Installation Tip #3 (ODS-5 + SSL)

Compaq states that an ODS-5 volume is not required for a non-JAVA installation of SWS, but I've found that the online documentation for "mod ssl User" will be corrupt due to the presence of filenames with multiple dots (which is supported in the optional ODS-5 but not the standard ODS-2). What's worse is that you won't see any error messages during installation to an ODS-2 disk. Because I thought that other things could have become compromised, I decided to only install to ODS-5 volumes.

ODS-5 and DCL

This paragraph has nothing to do with the web servers but I decided to mention it here anyway.

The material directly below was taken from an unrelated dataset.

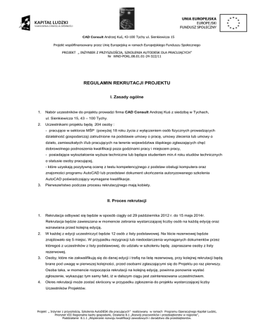 CAD Consult Andrzej Kuś, 43-100 Tychy ul. Sienkiewicza 15 Projekt współfinansowany przez Unię Europejską w ramach Europejskiego Funduszu Społecznego PROJEKT „ INŻYNIER Z PRZYSZŁOŚCIĄ. SZKOLENIA AUTODESK DLA PRACUJĄCYCH” Nr WND-POKL.08.01.01-24-322/11 REGULAMIN REKRUTACJI PROJEKTU I. Zasady ogólne 1. Nabór uczestników do projektu prowadzi firma CAD Consult Andrzej Kuś z siedzibą w Tychach, ul. Sienkiewicza 15, 43 – 100 Tychy. 2. Uczestnikami projektu będą 204 osoby : - pracujące w sektorze MŚP (powyżej 18 roku życia z wyłączeniem osób fizycznych prowadzących działalność gospodarczą) zatrudnione na podstawie umowy o pracę, umowy zlecenia lub umowy o dzieło, zamieszkałych i/lub pracujących na terenie województwa śląskiego zgłaszających chęć dobrowolnego podnoszenia kwalifikacji poza godzinami pracy i miejscem pracy, - posiadające wykształcenie wyższe techniczne lub będące studentem min.4 roku studiów technicznych o statusie osoby pracującej, - które uzyskają pozytywną ocenę z testu kompetencyjnego z podstaw obsługi komputera oraz znajomości programu AutoCAD lub przedstawi dokument ukończenia autoryzowanego szkolenia AutoCAD poświadczający wymagane kwalifikacje. 3. Pierwszeństwo podczas procesu rekrutacyjnego mają kobiety. II. Proces rekrutacji 1. Rekrutacja odbywać się będzie w sposób ciągły od 29 października 2012 r. do 15 maja 2014r. Rekrutacja będzie zawieszana w momencie zebrania wystarczającej liczby osób na każdą edycję oraz wznawiana przed kolejną edycją. 2. W każdej z edycji uczestniczyć będzie 12 osób z listy podstawowej. Na liście rezerwowej będzie znajdowało się 5 miejsc. W przypadku rezygnacji lub niedostarczenia wymaganych dokumentów przez któregoś z uczestników z listy podstawowej, do udziału w szkoleniu będą zapraszane osoby z listy rezerwowej. 3. Osoby, które nie zakwalifikują się do danej edycji i trafią na listę rezerwową, przy kolejnej rekrutacji będą brane pod uwagę w pierwszej kolejności, przed osobami zgłaszającymi się do Projektu po raz pierwszy. Osoba taka, w momencie rozpoczęcia rekrutacji na kolejną edycję, powinna ponownie wysłać zgłoszenie, wykazując tym samy fakt, iż w dalszym ciągu jest zainteresowana uczestnictwem. 4. Okres rekrutacji może zostać skrócony w przypadku zgłoszenia do projektu wystarczającej liczby Uczestników Projektów. Projekt „ Inżynier z przyszłością. Szkolenia AutoDESK dla pracujących” realizowany w ramach Programu Operacyjnego Kapitał Ludzki, Priorytet VIII Regionalne kadry gospodarki, Działanie 8.1 „Rozwój pracowników i przedsiębiorstw w regionie”, Poddziałanie 8.1.1 „Wspieranie rozwoju kwalifikacji zawodowych i doradztwo dla przedsiębiorstw. CAD Consult Andrzej Kuś, 43-100 Tychy ul. Sienkiewicza 15 Projekt współfinansowany przez Unię Europejską w ramach Europejskiego Funduszu Społecznego PROJEKT „ INŻYNIER Z PRZYSZŁOŚCIĄ. SZKOLENIA AUTODESK DLA PRACUJĄCYCH” Nr WND-POKL.08.01.01-24-322/11 5. Okres rekrutacji może zostać wydłużony na wniosek koordynatora projektu do czasu zebrania pełnej listy Uczestników Projektów. 6. Warunkiem udziału w projekcie jest złożenie w Biurze Projektu podpisanych przez Uczestnika Projektu i poprawnie wypełnionych i czytelnie podpisanych dokumentów: formularza zgłoszeniowego zaświadczenia o zatrudnieniu w sektorze MŚP w woj. Śląskim lub zaświadczenie lub Uczelni oświadczenie o wyrażeniu zgody na przetwarzanie danych osobowych deklaracji uczestnictwa w projekcie regulaminu rekrutacji projektu, regulaminu uczestnictwa w projekcie, wypełnienie testu z podstaw obsługi komputera lub złożenie dokumentu ukończenia autoryzowanego szkolenia AutoCAD poświadczającego wymagane kwalifikacje. 7. Dokumenty złożone przez kandydatów do projektu podlegają weryfikacji przez członków zespołu projektowego. 8. W przypadku stwierdzenia braków kandydat do projektu informowany jest drogą telefoniczną lub mailową o konieczności wniesienia poprawek w terminie 3 dni od daty powiadomienia. 9. O przyjęciu do projektu decyduje spełnienie kryterium kwalifikowalności, o którym mowa w pkt. I.2–3, oraz kolejność zgłoszeń. 10. Rezygnację z udziału w projekcie zakwalifikowany Uczestnik Projektu zobowiązany jest złożyć pisemnie. III. Postanowienia końcowe 1. Projektodawca zastrzega sobie prawo do zmian w niniejszym Regulaminie lub wprowadzenia dodatkowych postanowień. 2. W kwestiach nieuregulowanych Regulaminem prawo do podjęcia ostatecznej decyzji posiada koordynator projektu. 3. Regulamin wchodzi w życie z dniem 15 października 2012 roku i obowiązuje przez cały czas trwania Projektu. Dnia ................................................... Miejscowość, data ................................................... Czytelny podpis uczestnika Projekt „ Inżynier z przyszłością. Szkolenia AutoDESK dla pracujących” realizowany w ramach Programu Operacyjnego Kapitał Ludzki, Priorytet VIII Regionalne kadry gospodarki, Działanie 8.1 „Rozwój pracowników i przedsiębiorstw w regionie”, Poddziałanie 8.1.1 „Wspieranie rozwoju kwalifikacji zawodowych i doradztwo dla przedsiębiorstw.

If you've enabled ODS-5 then you might notice a few strange changes:

If a file is created by an application program written in a high level language (e.g. BASIC, C, C++, etc.) and the file name was defined using lower case characters, and the file doesn't yet exist, then when the file is created you will see a lower case name in the associated directory. If the file already exists, a new file of the same name and location will match the case of the original file.

This DCL command (in effect by default) will make your interactive session work the ODS-2 way on an ODS-5 system.

$set proc/parse_style=traditional/case_lookup=blind

This command will allow you to make your process case-sensitive (so you can rename a file changing its case):

$set proc/parse_style=extended/case_lookup=sensitive

CAVEAT: If your system has been running for years in case-blind mode, then it would be a real bad idea to place this case-sensitive entry into system file "SYS$MANAGER:SYLOGIN.COM". However, it is a completely different situation if your system is new AND all users will be running in case-sensitive mode. Consult HP OpenVMS System Manager's Manual, Volume 1: Essentials before you make any changes affecting more than one account. I have encountered situations were a user couldn't even log off.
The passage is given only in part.